■ DATA RECORDS ■
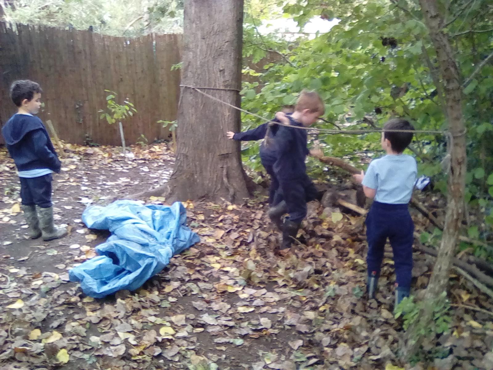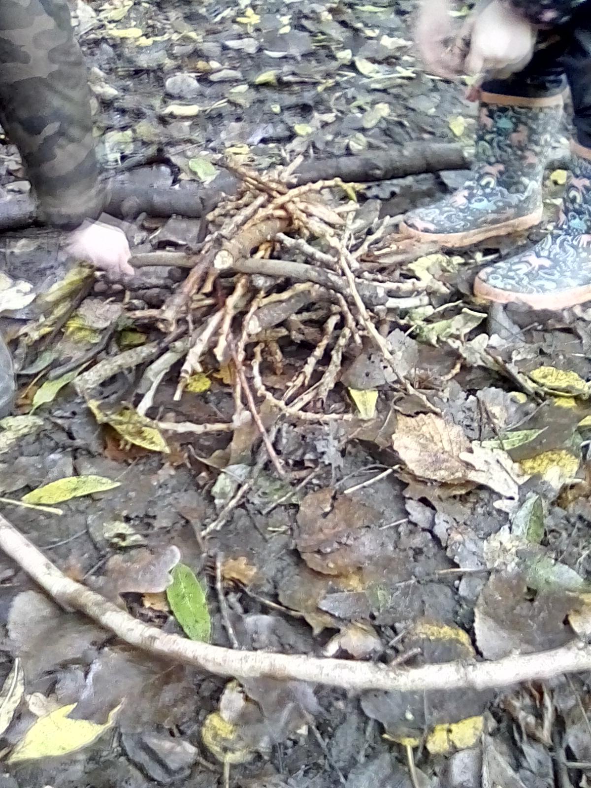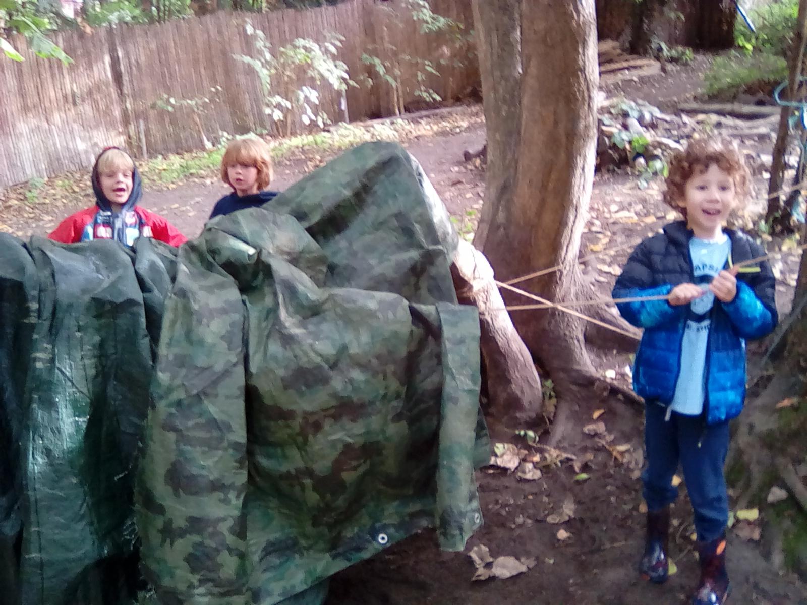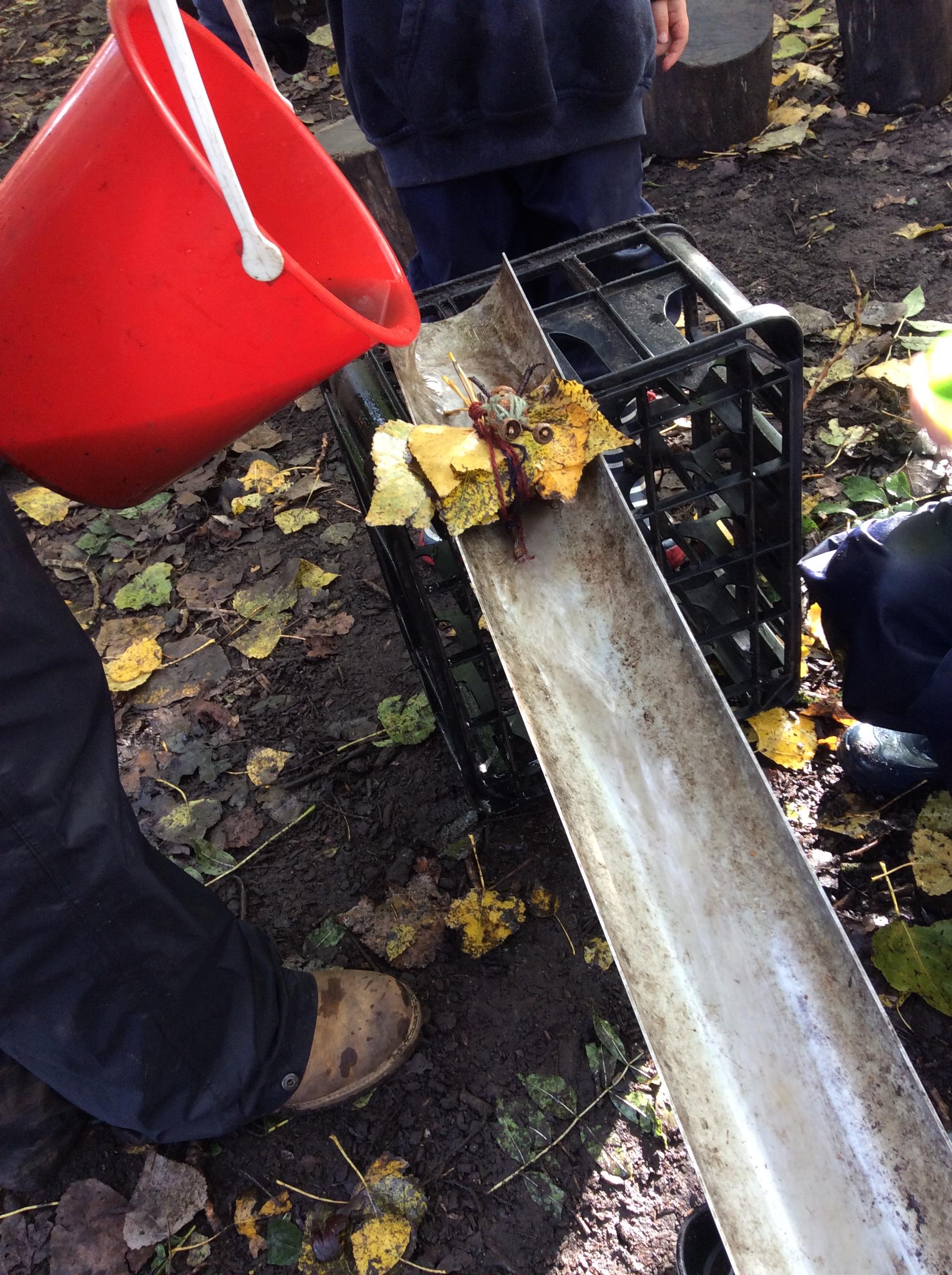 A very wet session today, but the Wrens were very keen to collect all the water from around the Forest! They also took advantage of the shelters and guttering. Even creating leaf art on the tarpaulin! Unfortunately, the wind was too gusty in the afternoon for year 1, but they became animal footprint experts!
==
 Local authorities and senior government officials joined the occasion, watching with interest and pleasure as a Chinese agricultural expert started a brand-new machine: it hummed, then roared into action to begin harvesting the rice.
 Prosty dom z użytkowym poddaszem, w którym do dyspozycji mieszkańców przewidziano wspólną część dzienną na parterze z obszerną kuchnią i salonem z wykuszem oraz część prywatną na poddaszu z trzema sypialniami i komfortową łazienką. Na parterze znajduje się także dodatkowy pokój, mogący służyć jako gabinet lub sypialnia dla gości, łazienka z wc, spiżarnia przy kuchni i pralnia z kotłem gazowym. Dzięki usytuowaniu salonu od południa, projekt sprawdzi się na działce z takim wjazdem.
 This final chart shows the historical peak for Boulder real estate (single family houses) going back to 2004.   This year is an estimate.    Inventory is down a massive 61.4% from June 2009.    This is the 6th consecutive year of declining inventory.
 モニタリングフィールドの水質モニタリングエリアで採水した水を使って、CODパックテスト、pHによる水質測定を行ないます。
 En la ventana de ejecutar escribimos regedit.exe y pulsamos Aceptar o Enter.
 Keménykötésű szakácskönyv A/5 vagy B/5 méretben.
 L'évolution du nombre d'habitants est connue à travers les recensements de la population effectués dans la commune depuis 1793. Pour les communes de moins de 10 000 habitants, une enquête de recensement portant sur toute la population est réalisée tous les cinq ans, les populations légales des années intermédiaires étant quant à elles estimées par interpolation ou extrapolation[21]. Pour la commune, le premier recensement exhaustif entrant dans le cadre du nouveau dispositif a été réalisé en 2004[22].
--
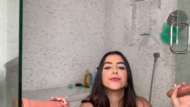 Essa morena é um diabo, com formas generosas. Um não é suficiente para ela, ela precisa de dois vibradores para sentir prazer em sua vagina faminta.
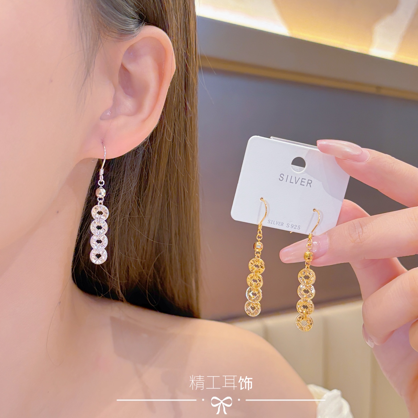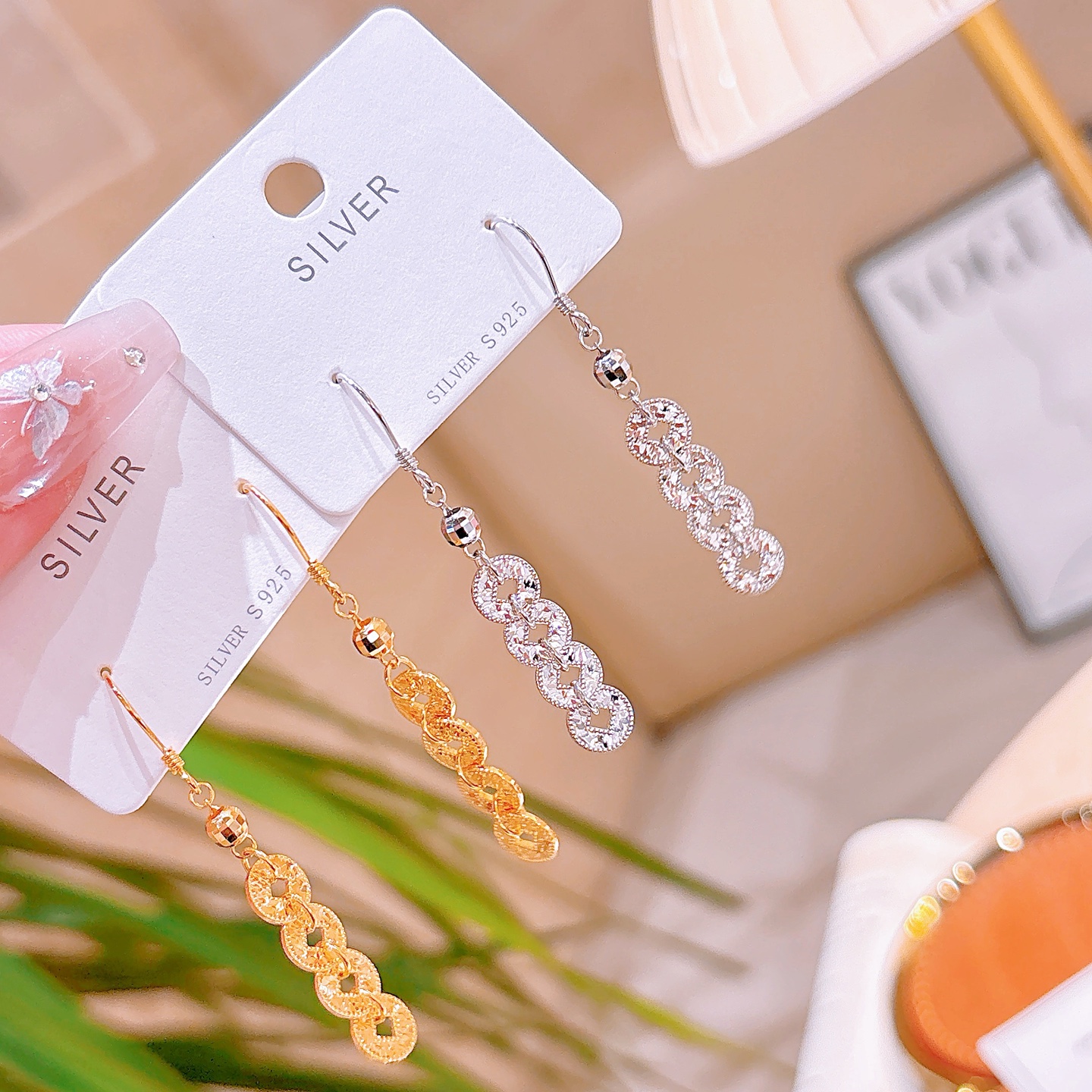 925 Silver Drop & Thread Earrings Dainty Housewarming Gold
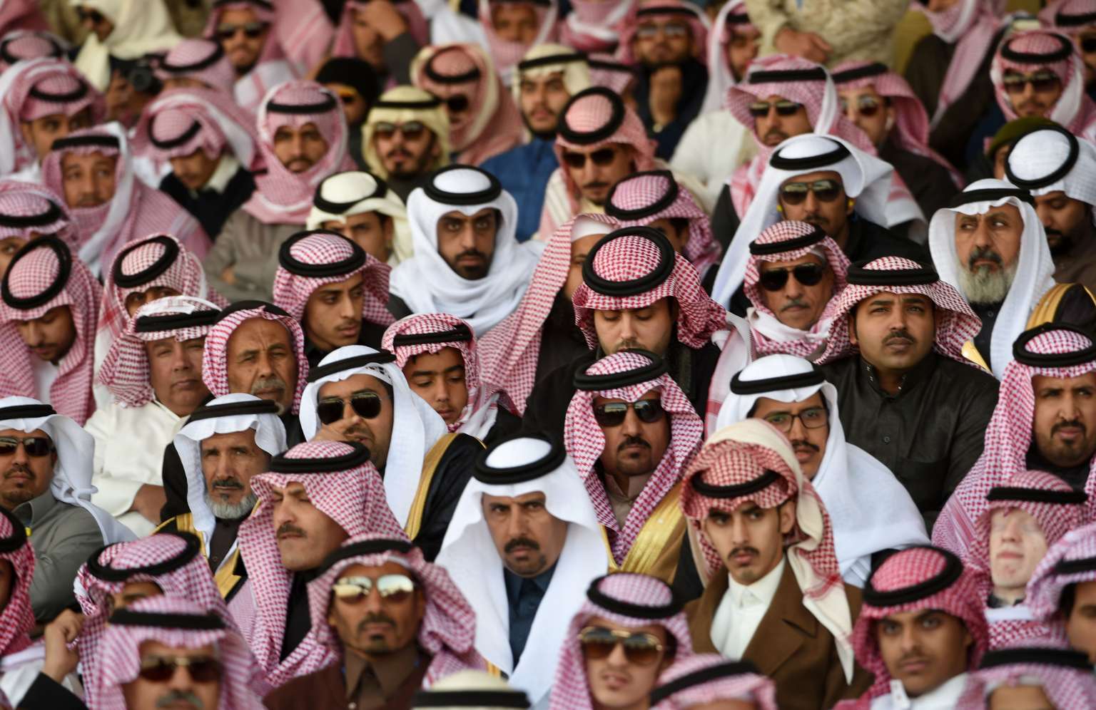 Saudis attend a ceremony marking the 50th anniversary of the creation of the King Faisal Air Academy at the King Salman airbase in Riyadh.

■ EXERCISE GOAL ■
Repeat exactly the lines of the listing above, from the one with "Prosty dom z" down to the one with "モニタリングフィールドの水質"; both of those lines belong in the range.

■ SOLUTION BELOW ■
 Prosty dom z użytkowym poddaszem, w którym do dyspozycji mieszkańców przewidziano wspólną część dzienną na parterze z obszerną kuchnią i salonem z wykuszem oraz część prywatną na poddaszu z trzema sypialniami i komfortową łazienką. Na parterze znajduje się także dodatkowy pokój, mogący służyć jako gabinet lub sypialnia dla gości, łazienka z wc, spiżarnia przy kuchni i pralnia z kotłem gazowym. Dzięki usytuowaniu salonu od południa, projekt sprawdzi się na działce z takim wjazdem.
 This final chart shows the historical peak for Boulder real estate (single family houses) going back to 2004.   This year is an estimate.    Inventory is down a massive 61.4% from June 2009.    This is the 6th consecutive year of declining inventory.
 モニタリングフィールドの水質モニタリングエリアで採水した水を使って、CODパックテスト、pHによる水質測定を行ないます。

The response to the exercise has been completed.